Sri Lankan feminists seek urgent response to economic crisis

Emphasise nutrition, food sovereignty, public distribution system, cash assistance 

April 06, 2022 03:15 pm | Updated 07:03 pm IST - COLOMBO

Dissent at doorstep: People protesting in front of Sri Lanka PM Mahinda Rajapaksa’s house in Colombo on Tuesday.

Dissent at doorstep: People protesting in front of Sri Lanka PM Mahinda Rajapaksa’s house in Colombo on Tuesday. | Photo Credit: AFP

Sri Lankan feminists have sought an urgent, comprehensive response to the country’s worsening economic crisis, prescribing specific measures to address the needs of poor and vulnerable communities most affected by the pandemic.

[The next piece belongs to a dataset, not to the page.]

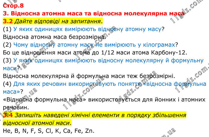 3. Відносна атомна маса та відносна молекулярна маса 3.2 Дайте відповіді на запитання. (1) У яких одиницях вимірюють відносну атомну масу? Відносна атомна маса безрозмірна. (2) Чому відносну атомну масу не вимірюють у кілограмах? Бо це відношення маси атома до 1/12 маси атома Карбону-12. (3) У яких одиницях вимірюють відносну молекулярну й формульну маси? Відносна молекулярна й формульна маси теж безрозмірні. (4) Для яких речовин використовують поняття «відносна формульна маса»? «Відносна формульна маса» використовується для йонних і атомних речовин. 3.4 Запишіть наведені хімічні елементи в порядку збільшення відносної атомної маси. He, B, N, F, S, Cl, K, Ca, Fe, Zn.

“We are witnessing the unfolding of a humanitarian crisis,” they said in a statement issued on Wednesday and signed by women’s groups and activists across the island.

Watch | What led to the economic crisis in Sri Lanka?

While the impact of the economic crisis is felt in all corners of the island, it is daily-wage earners, those dependent on micro, small, and medium enterprises, the urban working poor, along with communities already marginalised on the basis of ethnic, religious, caste, gender and sexual identities that are the worst affected by this deepening crisis, the statement said.  Observing that many are facing “homelessness and destitution”, it pointed to rapidly rising costs of essentials that are proving an enormous challenge to those already on subsistence wages.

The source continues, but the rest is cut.